◆ **Exercise details**
Apart from the images, reproduce all of the data word for word.

◆ **The data**

######

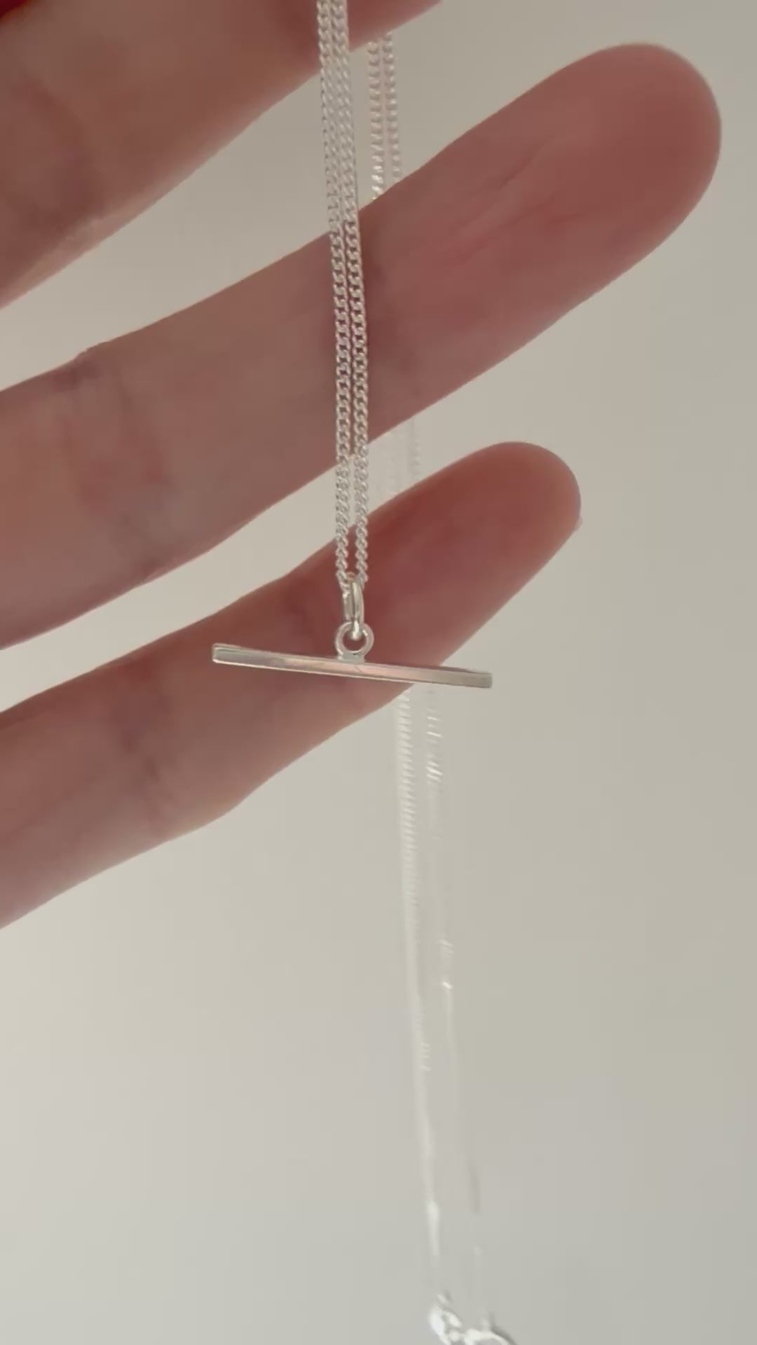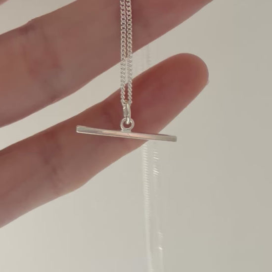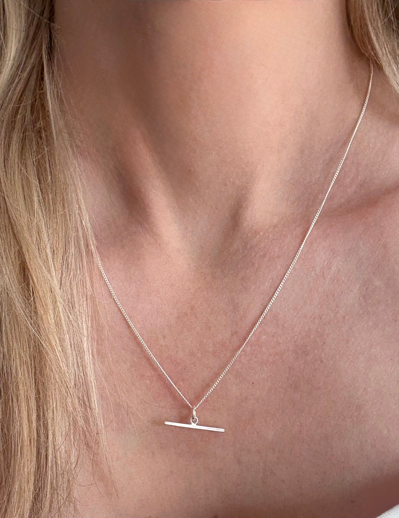 A delicate sterling silver t-bar necklace on a light curb chain with bolt ring closure.
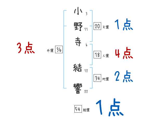 外運![]() | 小野寺結響さんの外運は36画の3つ星!先見性が豊かです。多少神経質で苦労することも。 生活面を象徴する運勢です。外部から受ける影響力を表し、結婚運、家庭運や職場、環境への順応性を表します。 |
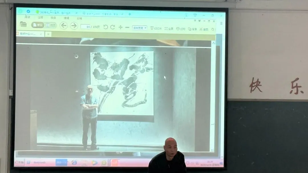 此外,老师还分享了自身艺术创作的实操经验,包括材料创新(如茶水、大漆在宣纸上的创作)、展览组织的全流程筹备(明确展览性质、媒体发布、场地布置等)、作品IP化与商业应用等内容,为会展创意的落地与转化提供了具体的实践思路。
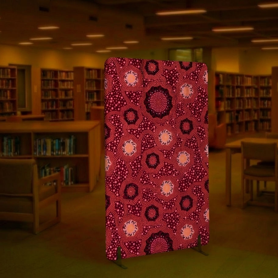 Discover the essence of Australian heritage with the 1800Highx1000Wide Partitions in Indigenous Fabric, exclusively from Rivergum Range. These freestanding partitions beautifully integrate traditional Aboriginal designs, making them a perfect addition to any space. Crafted by Australia's premier manufacturer, they offer both style and functionality. Embrace sustainable luxury with a touch of cultural significance, ideal for offices, homes, and communal areas. They are great for dividing areas or just using as artwork and also come with timber plaques with the artist's name and details on the artwork. Elevate your interior with our unique, ethically sourced partitions that honour Australia's Indigenous artistry.

######

◆ **Your solution**
 A delicate sterling silver t-bar necklace on a light curb chain with bolt ring closure.
 外運![]() | 小野寺結響さんの外運は36画の3つ星!先見性が豊かです。多少神経質で苦労することも。 生活面を象徴する運勢です。外部から受ける影響力を表し、結婚運、家庭運や職場、環境への順応性を表します。 |
 此外,老师还分享了自身艺术创作的实操经验,包括材料创新(如茶水、大漆在宣纸上的创作)、展览组织的全流程筹备(明确展览性质、媒体发布、场地布置等)、作品IP化与商业应用等内容,为会展创意的落地与转化提供了具体的实践思路。
 Discover the essence of Australian heritage with the 1800Highx1000Wide Partitions in Indigenous Fabric, exclusively from Rivergum Range. These freestanding partitions beautifully integrate traditional Aboriginal designs, making them a perfect addition to any space. Crafted by Australia's premier manufacturer, they offer both style and functionality. Embrace sustainable luxury with a touch of cultural significance, ideal for offices, homes, and communal areas. They are great for dividing areas or just using as artwork and also come with timber plaques with the artist's name and details on the artwork. Elevate your interior with our unique, ethically sourced partitions that honour Australia's Indigenous artistry.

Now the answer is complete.